Consider the smallest that $i$ (the number of six-siders having the value $1$) can be -- if $m\geq k$ (i.e. if we can get the full load of $k$ $1$'s from the eight-sided dice), the smallest value of $i$ will be $0$. Otherwise some of the $k$ $1$'s will have to come on the six-siders -- in that situation $i$ must be no smaller than $k-m$.
Now the largest value of $i$ will be $k$ unless $n$ is too small for that, in which case $n$ will be the most six-siders in the total of $k$.
So the lower and upper limits of the sum are $\max(0,k-m)$ and $\min(n,k)$ respectively (and if the upper limit is not at least as large as the lower limit the sum is simply 0).
Consequently:
$$P(Y=k)\:=\sum_{\max(0,k-m)}^{\min(n,k)} P(X_6=i)P(X_8=k-i)\,.\qquad\qquad\quad (1)$$
Now $P(X_6=i)={n\choose i}\frac16^i\frac56^{n-i}$ and $P(X_8=k-i)={m\choose {k-i}}\frac18^{k-i}\frac78^{m-k+i}$ (since $X_6$ and $X_8$ are simply binomial), so we can write
$$P(Y=k)\:=\sum_{\max(0,k-m)}^{\min(n,k)} {n\choose i}\frac16^i\frac56^{n-i}\cdot {m\choose {k-i}}\frac18^{k-i}\frac78^{m-k+i}\,.\quad (2)$$
While some simplification is possible there (for starters the most obvious simplification is you can pull constant powers out the front and just have $\frac{7}{5}^i$ times the two choose terms), it's probably not worth doing in general (though some special cases may have some value).
If I wanted the probability function for $Y$, I'd be inclined to do the convolution of the two binomials numerically for the specific $m$ and $n$ I needed.

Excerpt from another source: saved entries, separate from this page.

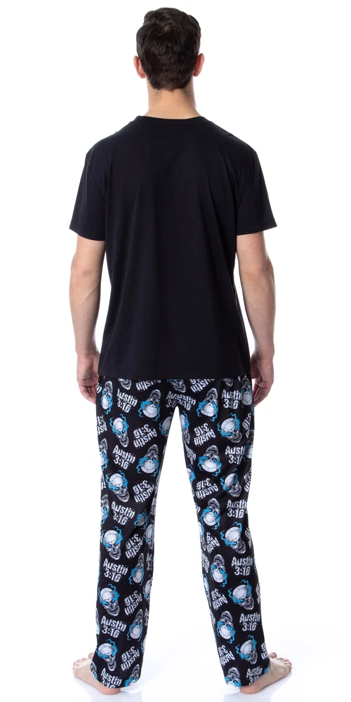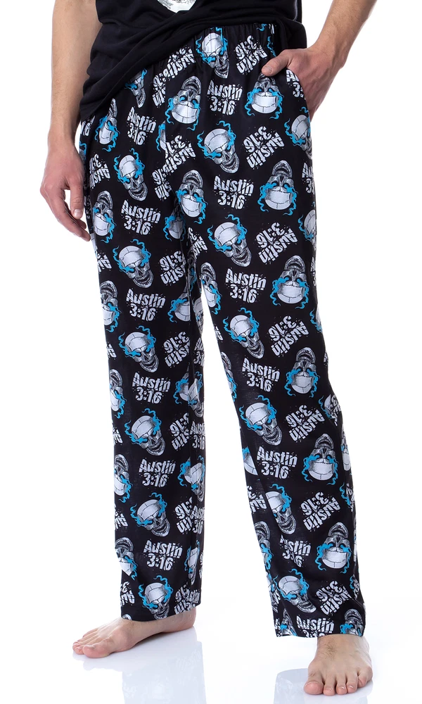 World Wrestling Entertainment, or WWE, is the premier professional wrestling promotion with over 450 live events every year, including WrestleMania, RAW, Royal Rumble, SummerSlam, and SmackDown. Its roster of wrestlers has gained international fame and has had storied wrestling and other entertainment venues like movies, music, and sports. The legends and current roster include Hulk Hogan, Andre The Giant, Vince McMahon, Roddy Piper, Stone Cold Steve Austin, The Rock Dwayne Johnson, The Undertaker, John Cena, Seth Rollins, Ultimate Warrior, Macho Man Randy Savage, AJ Styles, and Roman Reigns. This pajama set-top features a skull with 3:16 on its forehead--referencing the legend Stone Cold Steve Austin. The pants feature an all-over print of the same fiery skull. The pajama pants contain an WWE Mens' Wrestling Stone Cold Steve Austin 3:16 Sleep Pajama Set World Wrestling Entertainment, or WWE, is the premier professional wrestling promotion with over 450 live events every year, including WrestleMania, RAW, Royal Rumble, SummerSlam, and SmackDown. Its roster of wrestlers has gained international fame and has had storied wrestling and other entertainment venues like movies, music, and sports. The legends and current roster include Hulk Hogan, Andre The Giant, Vince McMahon, Roddy Piper, Stone Cold Steve Austin, The Rock Dwayne Johnson, The Undertaker, John Cena, Seth Rollins, Ultimate Warrior, Macho Man Randy Savage, AJ Styles, and Roman Reigns. This pajama set-top features a skull with 3:16 on its forehead--referencing the legend Stone Cold Steve Austin. The pants feature an all-over print of the same fiery skull. The pajama pants contain an elastic waistband that fits every fan, and the whole pajama set is 100% polyester. These are the best! Product Details Color Steve Austin Size Medium Brand Intimo Feature MERCHANDISE - Intimo specializes in nice, sleepwear for men, women, boys, and girls. Intimo is the industry leader in pop culture products and apparel that deal with the entertainment industry in comic books, tv shows, movies, music, sports, and what's trending.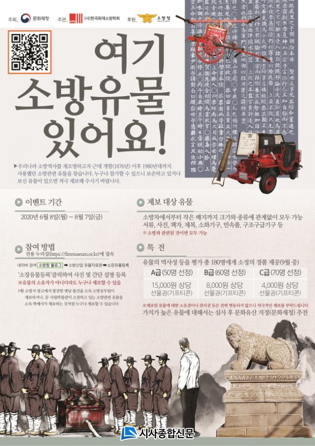 À̹ø À̺¥Æ®´Â ¹®ÈÀçûÀÇ ¼Ò¹æ¾ÈÀüºÐ¾ß ±ÙÇö´ë ¹®ÈÀ¯»ê ¸ñ·ÏÈ »ç¾÷°ú ¿¬°èÇØ¼ ¼Ò¹æ°ü·Ã À¯¹°À» ã¾Æ ¿ª»ç¸¦ ÀçÁ¶¸íÇϱâ À§ÇÑ °ÍÀÌ´Ù. ´ë»óÀ¯¹°Àº ¼Ò¹æÂ÷¿¡¼ºÎÅÍ ÀÛÀº ¹èÁö±îÁö Å©±â¿Í Á¾·ù¿¡ °ü°è¾øÀÌ ¼Ò¹æ°ú °ü·ÃµÈ °ÍÀÌ¸é ¸ðµÎ °¡´ÉÇÏ´Ù.
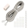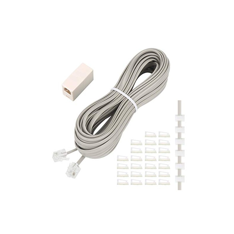 Phone Extension Cord 33 Ft, Telephone Cable with Standard RJ11 Plug and 1 in-Line Couplers and 20 Cable Clip Holders, Grey

This is quite straightforward and can be readily accomplished in something like R or Excel - or indeed C# - for example.
Which is to say that you probably have access to a library that computes binomial probabilities (like $P(X_6=i)$) both rapidly and accurately, and that once you have the vector of probabilities for $X_6$ and $X_8$, you go back to $(1)$ -- you simply "flip" one of the two vectors of $p_i$'s around, compute a shifting sum-of-products (starting from the smallest overlap at one end and moving to the smallest overlap at the other end), make sure you've got the right value-labels for each such sum-of-products and you have the entire probability function. [You probably have some fast inner-product function already available, so even if you don't have an inbuilt convolution-function in some handy library, once you have the binomial probabilities, it's just a loop (for each value of $k$) over an inner-product of pre-computed probabilities.]
If you need this for large $m$ & $n$ there are more efficient approaches (e.g. using fast Fourier transforms) but I expect that you won't have large enough numbers to make it worth worrying about.